Distance Profiling Methods
Anomaly detection is the process of identifying signal anomalies by detecting deviations from normal behavior.
One approach to anomaly detection is using distance methods, which base anomaly detection on pattern matching within the time series data. This pattern matching is based on the z-normalized Euclidean distances among subsequences.
Distance methods allow you to identify common recurring subsequences (motifs) that typically indicate normal operation and unique subsequences (discords) that indicate possible anomalies.

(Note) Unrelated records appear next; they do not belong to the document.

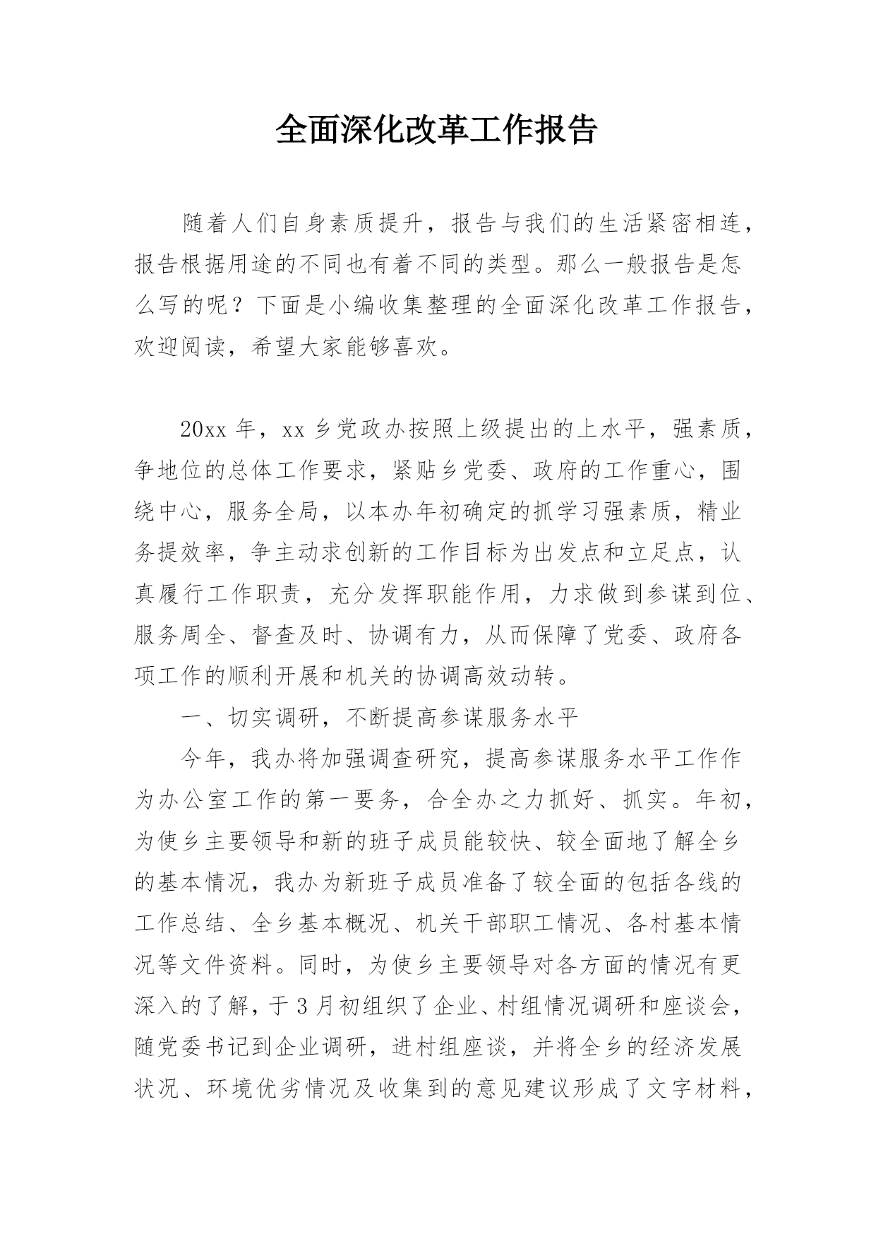 全面深化改革工作报告随着人们自身素质提升,报告与我们的生活紧密相连,报告根据用途的不同也有着不同的类型。那么一般报告是怎么写的呢?下面是小编收集整理的全面深化改革工作报告,欢迎阅读,希望大家能够喜欢。20xx年,xx乡党政办按照上级提出的上水平,强素质,争地位的总体工作要求,紧贴乡党委、政府的工作重心,围绕中心,服务全局,以本办年初确定的抓学习强素质,精业务提效率,争主动求创新的工作目标为出发点和立足点,认真履行工作职责,充分发挥职能作用,力求做到参谋到位、服务周全、督查及时、协调有力,从而保障了党委、政
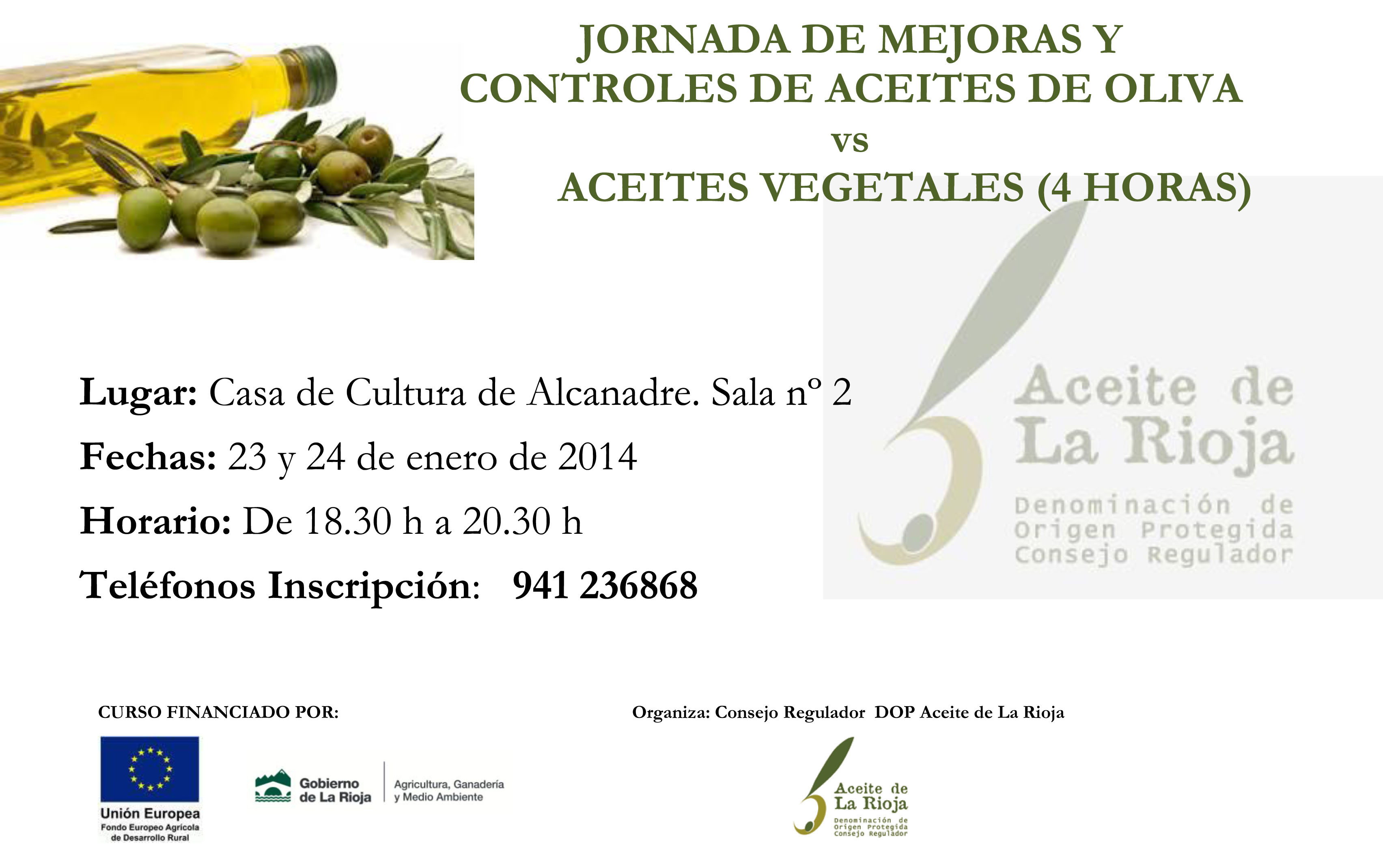 La Cooperativa Unión Trujalera San Isidro de Alcanadre y el Consejo Regulador de la DOP Aceite de La Rioja promueven una Jornada de Mejoras y Controles de Aceites de Oliva Vs Aceites Vegetales que se celebrará los próximos 23 y 24 de enero en la Casa de Cultura de Alcanadre. Se trata de una acción formativa que pretende acercar el estudio del aceite de oliva a los participantes.
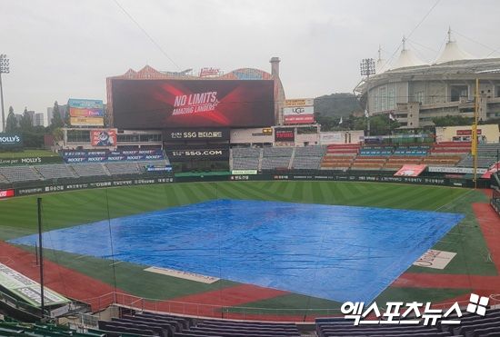 19일 오전부터 수도권 전 지역에 비가 내리기 시작했다. SSG랜더스필드에도 일찌감치 대형 방수포가 깔렸다. 오후에도 비가 계속 내리는 가운데 기상청에 따르면 늦은 저녁까지 굵은 빗방울이 내릴 것으로 예보됐다.
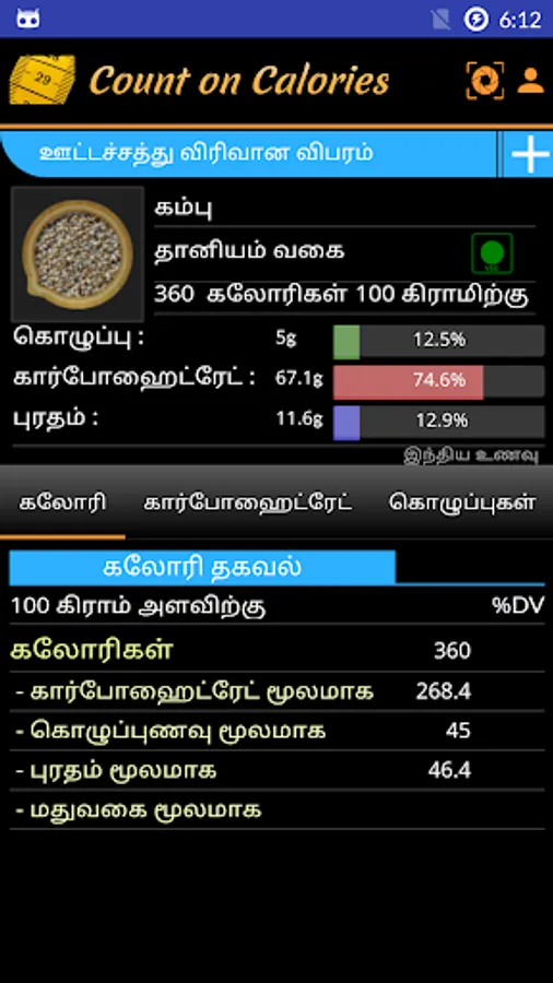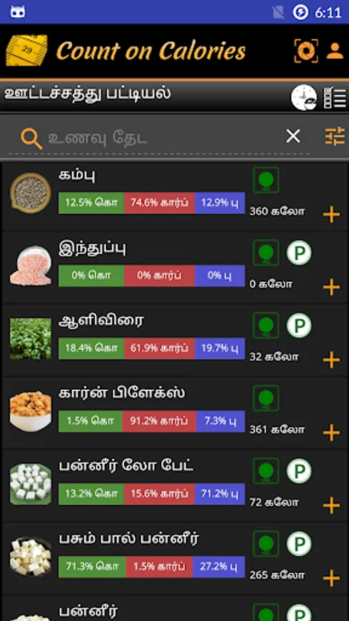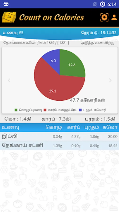 * Displays Food Items' Macro-Nutrients values - Carbohydrates, Proteins and Fats.
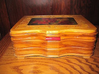EARLY VINTAGE ANTIQUE CARVED FLORAL WOODEN JEWELRY BOX-LITHO SCENE-MIRRORED LID
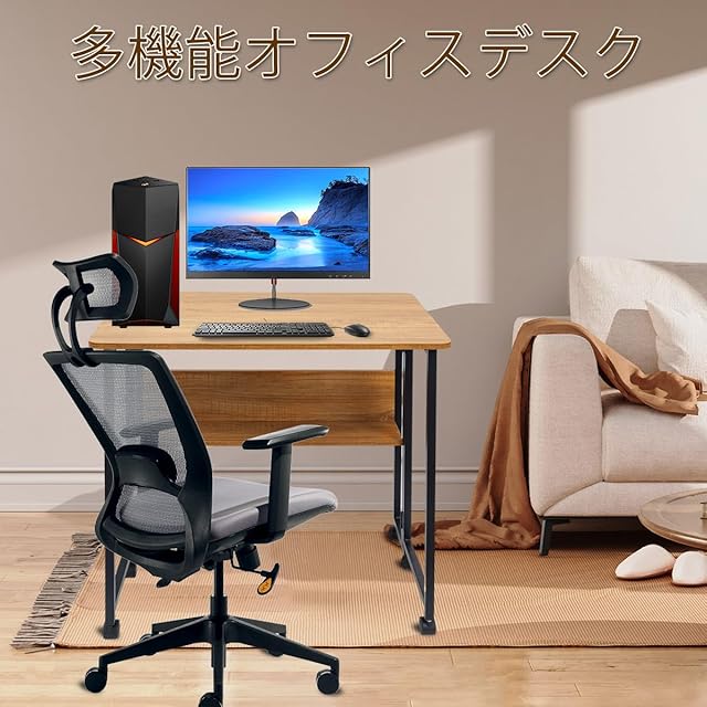 折りたたみ机 PCデスク パソコンデスク デスク キャスター付き 二段 スチール ナチュラル 幅80cm 在宅勤務 作業台 書斎 勉強机 学習デスク オフィスワーク (天然木色)
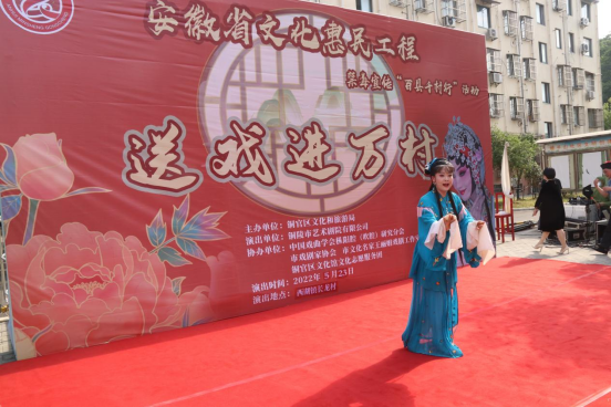 2022年5月23日,铜官区文旅局联合铜陵市艺术剧院有限公司走进西湖镇长龙村开展“百县千村行”戏剧演出活动。为当地百姓上演了一场场“文化大餐”,让周边百姓过足了戏瘾。
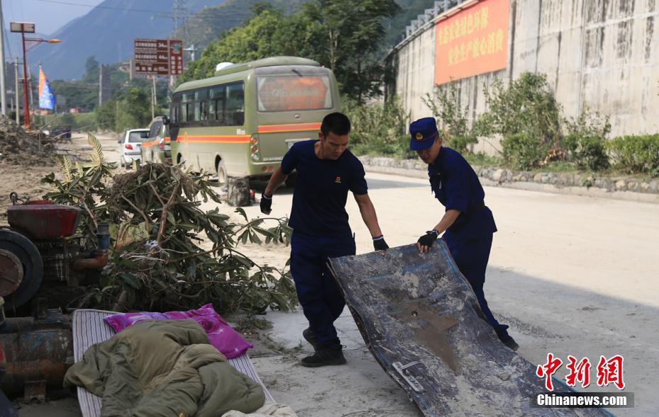 汶川暴雨灾害:森林消防帮受灾户清淤清洗尽快恢复正常生活

Distance methods are especially useful because they are relatively simple. The methods require no trained models or labeled data. They can detect anomalous deviations in the data itself for any type of anomalous behavior, whether characterized previously or not. The algorithms for these methods are optimized for fast computation.
Functions
similarityDistance | Compute distance profile between query and time series subsequences (Since R2024b) |
distanceProfile | Compute distance profile of the distances between a query subsequence and all other subsequences of a time series (Since R2024b) |
matrixProfile | Compute matrix profile between all pairs of subsequences in a single-variable or multivariable time series (Since R2024b) |
findDiscord | Find the locations of top discords from the matrix profile of a time series (Since R2024b) |
findMotif | Find the locations of top motif pairs from the matrix profile of a time series (Since R2025a) |
Topics
- Detecting Anomalies in Time Series Using Distance Methods
Compare algorithms for similarity distance, distance profile, and matrix profile that detect anomalous data using pattern-matching.